Output Speed: Tokens per second received while the model is generating tokens (ie. after first chunk has been received from the API for models which support streaming).
Latency: Time to first token of tokens received, in seconds, after API request sent. For models which do not support streaming, this represents time to receive the completion.
Price: Price per token, represented as USD per million Tokens. Price is a blend of Input & Output token prices (3:1 ratio).

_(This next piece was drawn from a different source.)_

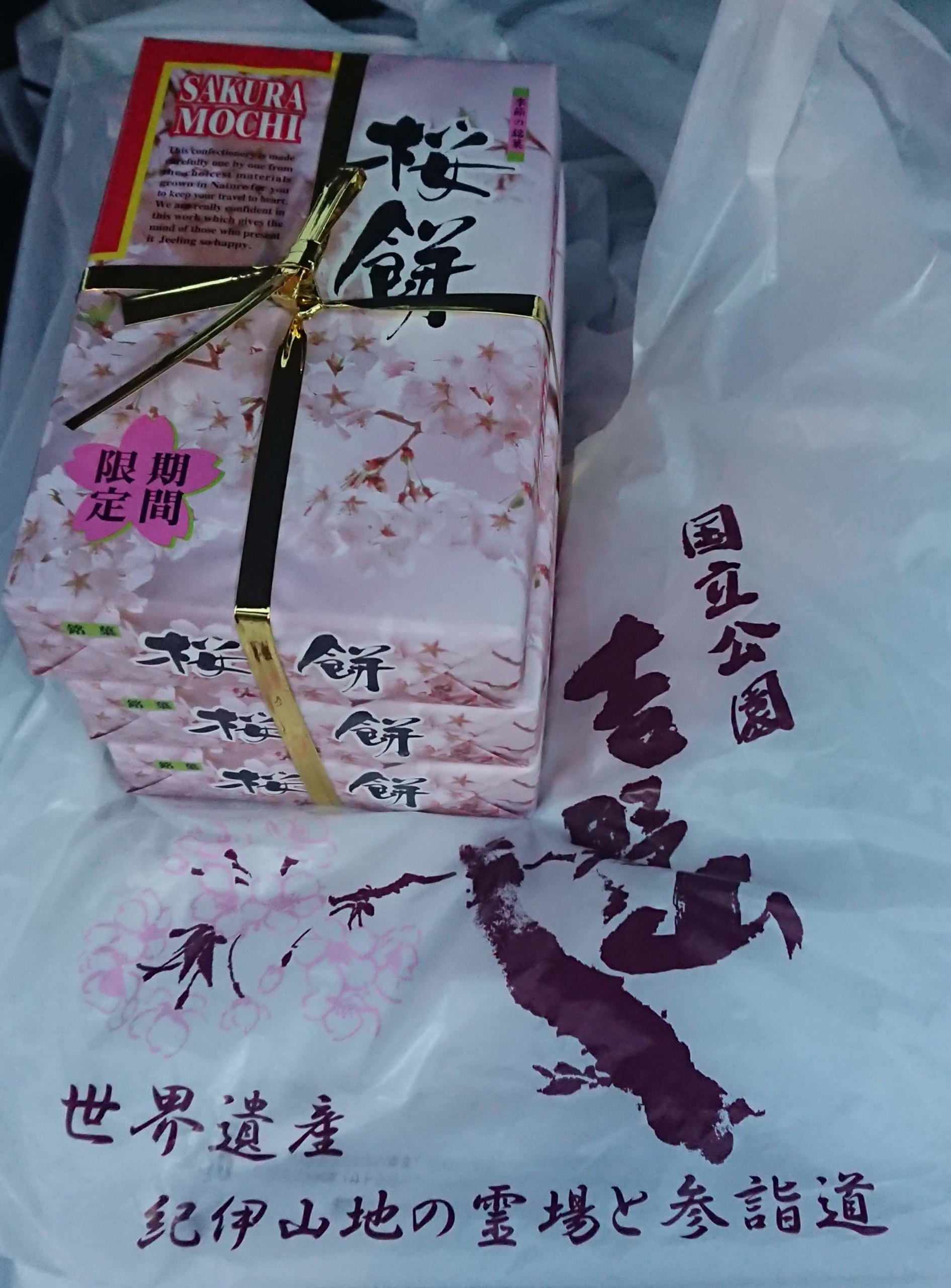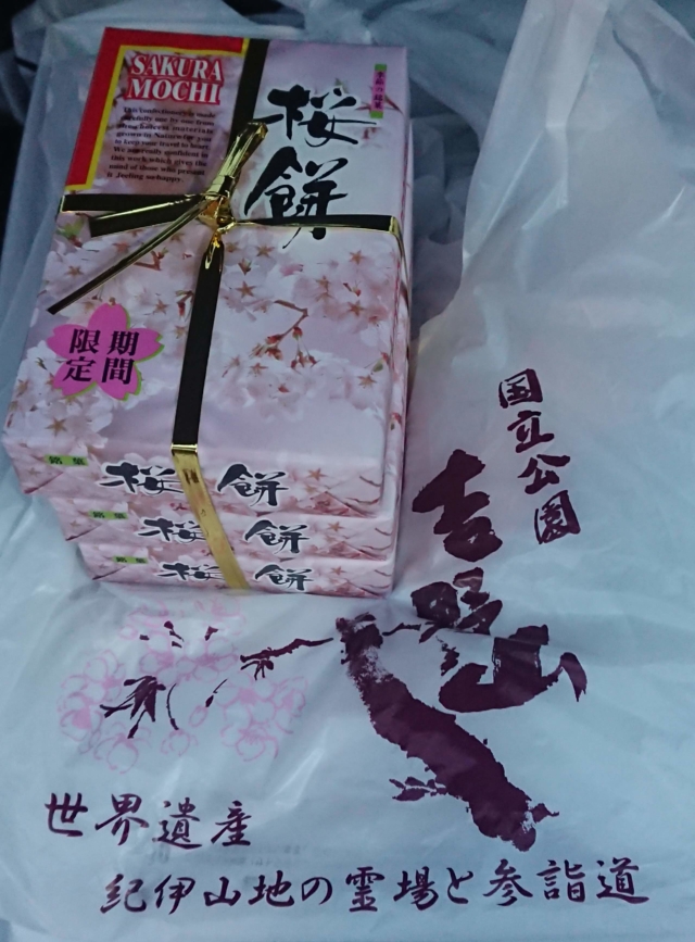 吉野山のお土産で買ったのは、さくらもち(桜餅)です。
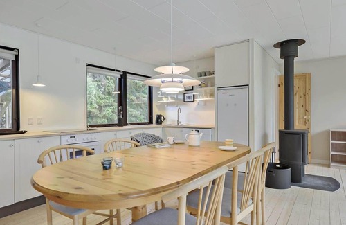 this well-appointed holiday apartment invites guests to enjoy a relaxed and cozy vacation near the water, making it an excellent choice for two families The interior features a modern and tastefully designed living space, with a spacious living room that includes a fireplace and large windows overlooking the garden. The open kitchen, equipped with a dishwasher, electric/gas stove, oven, fridge, coffee maker, and kettle, allows for enjoyable meal preparation together. The layout comprises four bedrooms: one with a double bed, two with bunk beds, and one with two single beds, complemented by a contemporary bathroom with a shower. Additional amenities include underfloor heating, internet with Wi-Fi, and a washing machine. Outside, a large wooden terrace with an electric awning offers perfect spots for sunbathing and family gatherings. The property is located in the beautiful Geopark Odsherred, close to shops, cafes, and pristine beaches.

Output Price: Price per token generated by the model (received from the API), represented as USD per million Tokens.
Input Price: Price per token included in the request/message sent to the API, represented as USD per million Tokens.
Time period: Metrics are 'live' and are based on the past 72 hours of measurements, measurements are taken 8 times a day for single requests and 2 times per day for parallel requests.